According to the entrepreneur, the same is also true for the development of geothermal energy. 'It is still in its infancy. However, for the greenhouse horticultural sector, it is essential to be economical with the available energy and to make optimal use of the alternatives to fossil fuels.'

'In my opinion, the best way to help each other is to return energy to the grid at exactly the right time.'

Van Kleef is critical of developments such as heating residential areas with waste heat from greenhouse horticulture. 'It is expensive to move heat from one place to another and I am, therefore, not in favour of it.' He also does not think that bringing both segments physically closer is a viable option. 'In other areas, horticulture and home owners get in each other's way. In my opinion, the best way to help each other is to return energy to the grid at exactly the right time.'

Microsoft data centre

Royal Pride is located at Agriport A7, where the entrepreneurs cooperate as much as possible where energy is concerned. Microsoft recently built a large data centre there and, according to Frank van Kleef, that offers excellent opportunities for sustainable, mutual cooperation.

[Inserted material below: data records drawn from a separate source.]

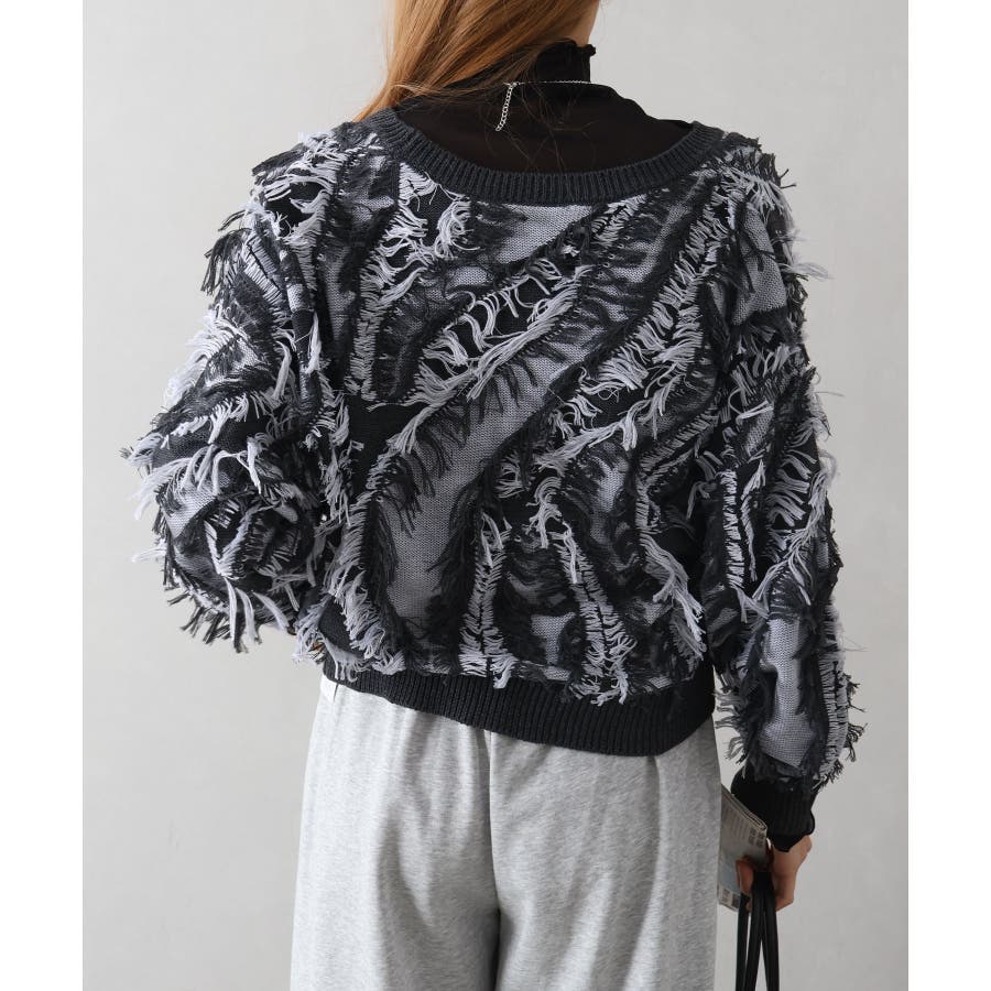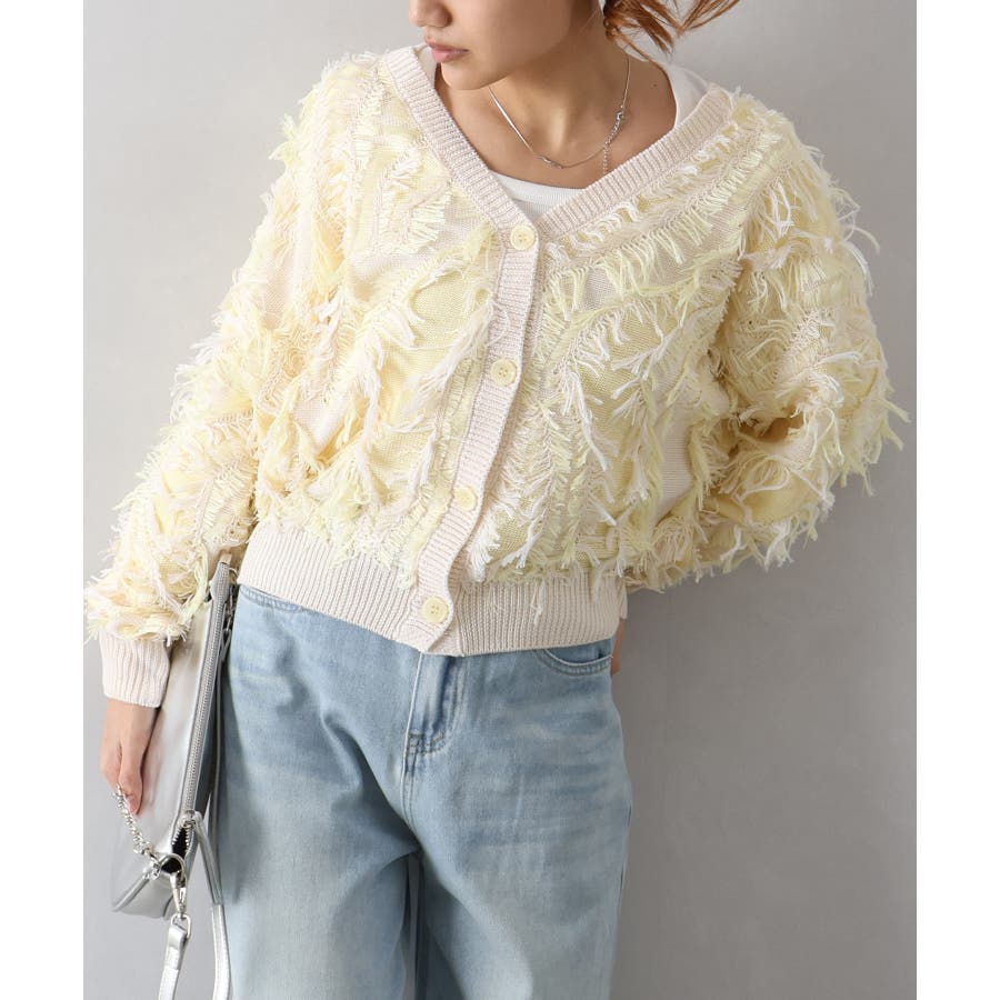 柔らかなニットベースに、動きのあるフリンジを重ねることで、シンプルながらも表情豊かな一枚に仕上げました。
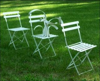 En effet, à l’extérieur, est présentée la série Les Chaises en vrille (2009-2011). Il s’agit d’un ensemble de chaises de jardin dont certaines semblent avoir muté: leur assise se déploie en volutes tranchantes, empêchant quiconque de s’asseoir.
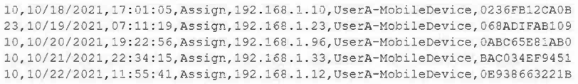 - B. Wireless network auto joining: Auto-joining refers to a device's ability to automatically connect to known wireless networks. DHCP logs don't directly verify auto-joining behavior; rather, they show the result of a device successfully joining a network and obtaining an IP address. The pattern of connections, not the auto-joining mechanism, might be inferred.
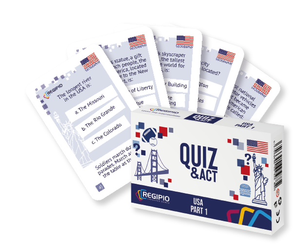 QUIZ & ACT USA to 50 kart dydaktycznych z pytaniami dotyczącymi kultury i historii Stanów Zjednoczonych.
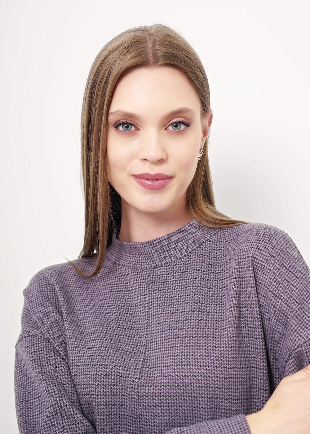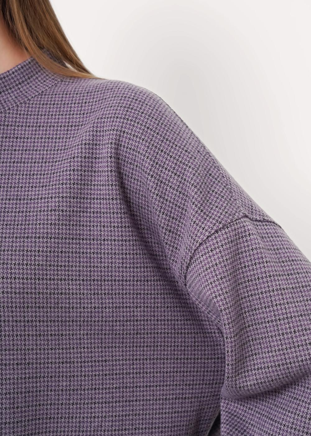"Описание: Джемпер объёмный из поливискозного трикотажного полотна джерси. Спущенный длинный рукав. По горловине стойка с молнией по спинке. По переду и спинке средний шов. По низу изделия потайной стежок. Спереди нашивка металл.
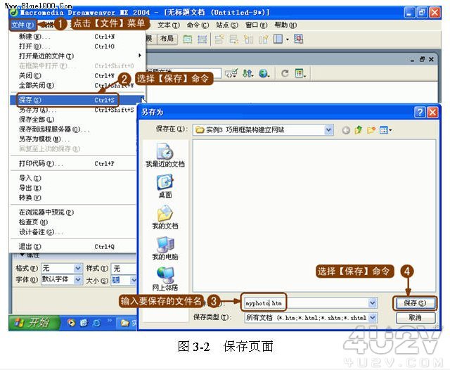 ( 2 )保存頁面,保存時可以隨意設置文件名稱,比如輸入“ myphoto (我的相冊)”,如圖 3-2 所示。
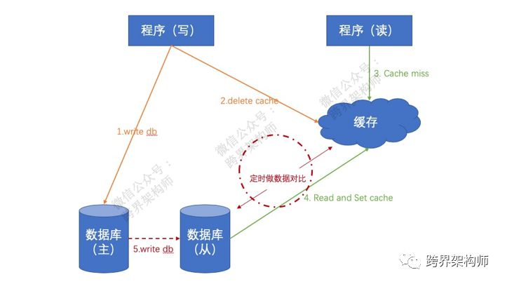 解决它的第一个方式很简单,也很粗暴。就是定时去「从库」读数据,发现数据和缓存不一样了就set到缓存里去。
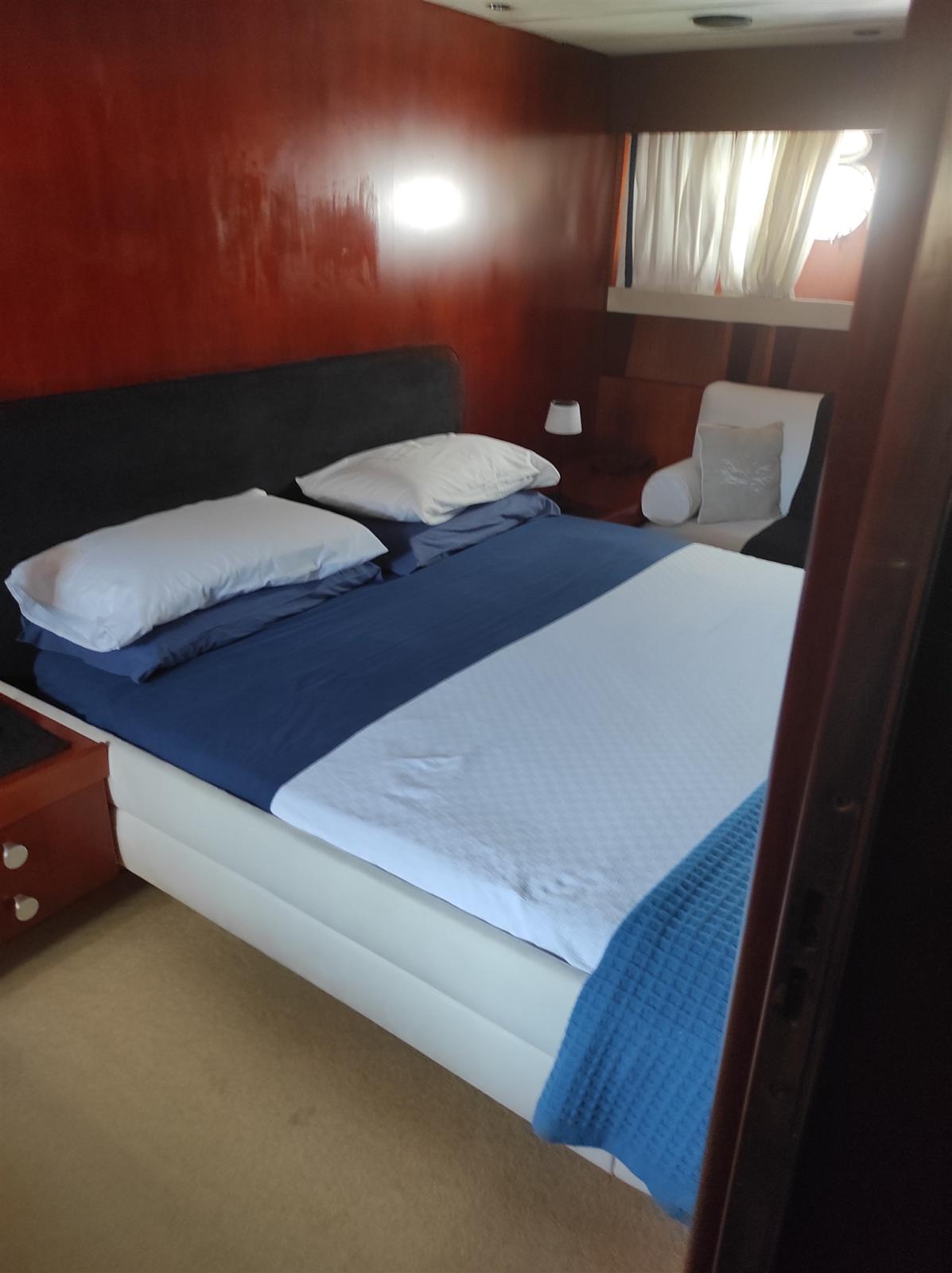 4 cabins and 4 bathrooms + 2 crew. Master cabin with en-suite bathroom and separate shower cubicle, 1 single cabin with en-suite bathroom, 2 cabins with parallel beds and 3 rollaway beds. Currently dry
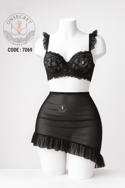 ناموجودست لباس زیر زنانه فانتزی دامنی فاق باز جوابدار فنردار جنس پارچه یاردی و گیپور کد 8009
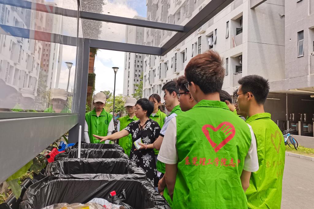 5月以来,后勤管理办公室以莞博和莞雅两个社区作为试点,撤走宿舍楼门口不符合规范的露天垃圾桶,主动联系校志愿服务中心、知行学院社区志愿站、学生自律会、莞逸社区学生党支部等多个学生部门,多批次招募培训学生志愿者,通过教工党员带领、学生志愿者带头,按4个垃圾投放高峰时段安排在宿舍楼门口引导学生进行分类投放,从行为引导和规范分类入手培养学生良好的垃圾投放习惯。
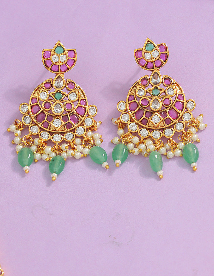This beautiful Gold Plated Long Haar Necklace Set is made of the highest quality metalwork and embroidered with dazzling Pink, Emerald & White American Diamonds. Paired with matching earrings set in traditional ethnic artwork, its perfect for any traditional occasion, and makes a bold style statement with its eye-catching desi looks.
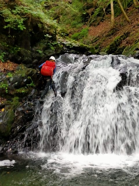 幅広の4m滝、左側から登ります。
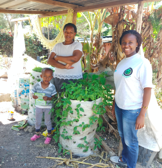 Después de que las mujeres asisten a los talleres de Muketha, les enseña sobre el cultivo de sacos, un tipo de cultivo altamente eficiente que permite a las mujeres aprovechar las pequeñas parcelas de espacio de jardín que están disponibles frente a sus hogares.
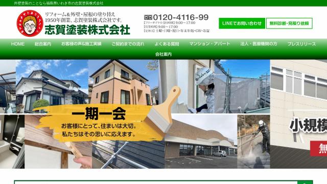 | タイトル | 外壁塗装のことなら福島県いわき市の志賀塗装株式会社 | 私たちの誇りは福島県いわき市で60年以上ていねいに外壁と屋根の仕事を続けてきたことです |
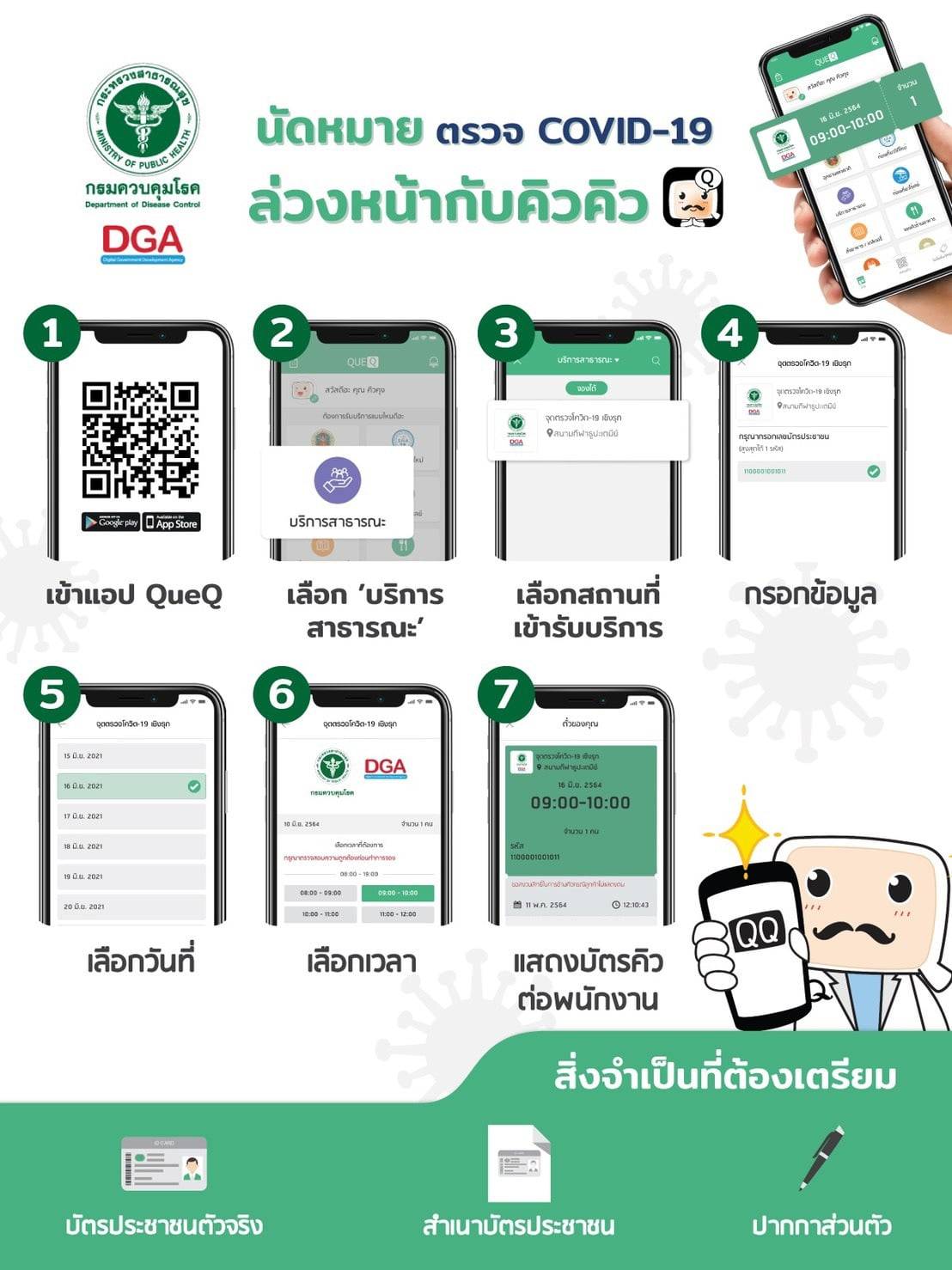 ทั้งนี้ กรมควบคุมโรค มอบหมายให้สถาบันป้องกันควบคุมโรคเขตเมือง ร่วมกับสำนักงานพัฒนารัฐบาลดิจิทัล (สพร.) พัฒนาแอปพลิเคชัน QueQ หรือ คิวคิว เป็นระบบลงทะเบียนออนไลน์ ให้ประชาชนที่มีความเสี่ยงใช้นัดหมายเข้ารับบริการตรวจโควิดล่วงหน้า 1 วัน
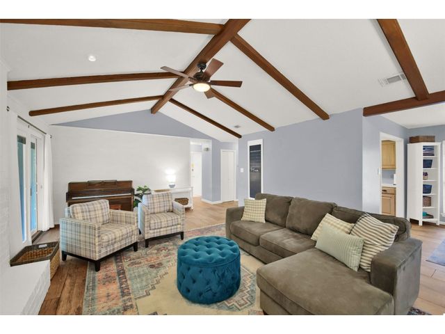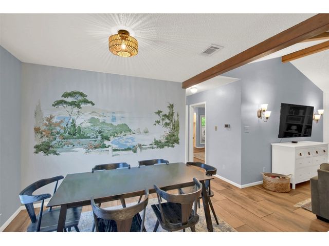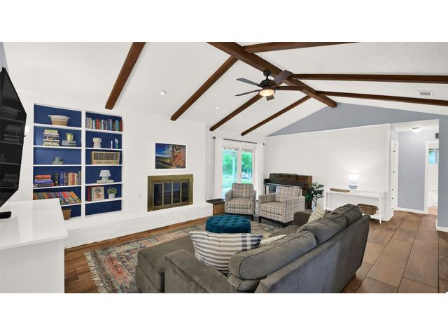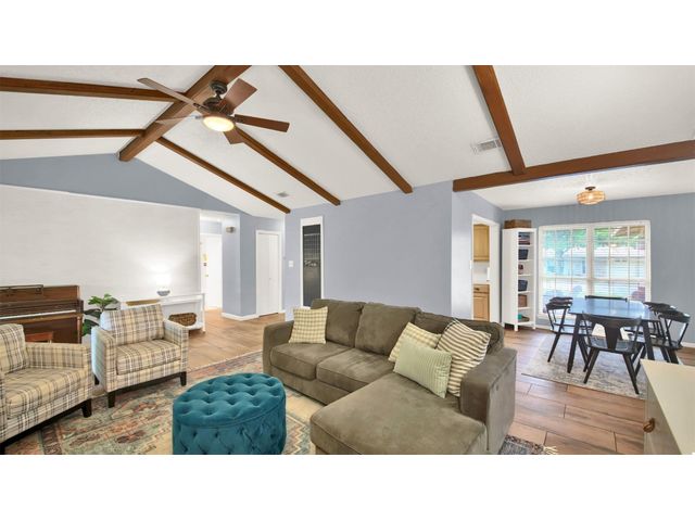 5.75% mortgage rate with 3% down and no PMI available on this unique mid-century gem nestled in North Acres! Boasting striking vaulted ceilings, charming wood beams, original built-ins, and an expansive backyard, this home is a rare find. Just minutes from tech giants like Samsung and Apple, as well as the excitement of Austin FC Q2 Stadium and the Domain, convenience meets tranquility here. Enjoy the immense backyard surrounded by trees, offering privacy and ample space for relaxation and recreation. Inside, discover a versatile layout with a mother-in-law plan featuring 3 spacious bedrooms and 2 bathrooms. Recent upgrades including luxury wood-like tile, fresh paint and a brand new roof! Step into a home that seamlessly blends vintage charm with contemporary convenience - Welcome Home!
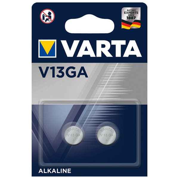 Алкалиновые (щелочные) дисковые батарейки таблетка Varta типоразмера V13GA (LR44/A76/KA76), упаковка 2 штуки 04276101402

He is convinced that a lot can be gained by working together, particularly in the field of energy management. 'The greenhouse horticultural sector should stop putting itself first all the time. The interests of the whole should be given priority over the interests of the individual.'

'In order to achieve the international environmental and energy objectives, the greenhouse horticultural sector must look for worldwide solutions.'

During the journeys that he regularly makes, Van Kleef has noticed that foreign countries do not take advantage of the lessons that have been learnt in the Netherlands. 'Abroad, horticultural companies too often choose to be located far away from their fellow horticultural companies. I would rather have my competitors as my neighbours than have no neighbours at all.'

In his opinion, in order to achieve the international environmental and energy objectives, the greenhouse horticultural sector must look for worldwide solutions. 'With the same investment, greater advances can be made abroad than in the Netherlands, where great progress has already been made over the last couple of years.'

Watch the video with Frank van Kleef about energy management.

Source/photo: Priva/The Grower Files.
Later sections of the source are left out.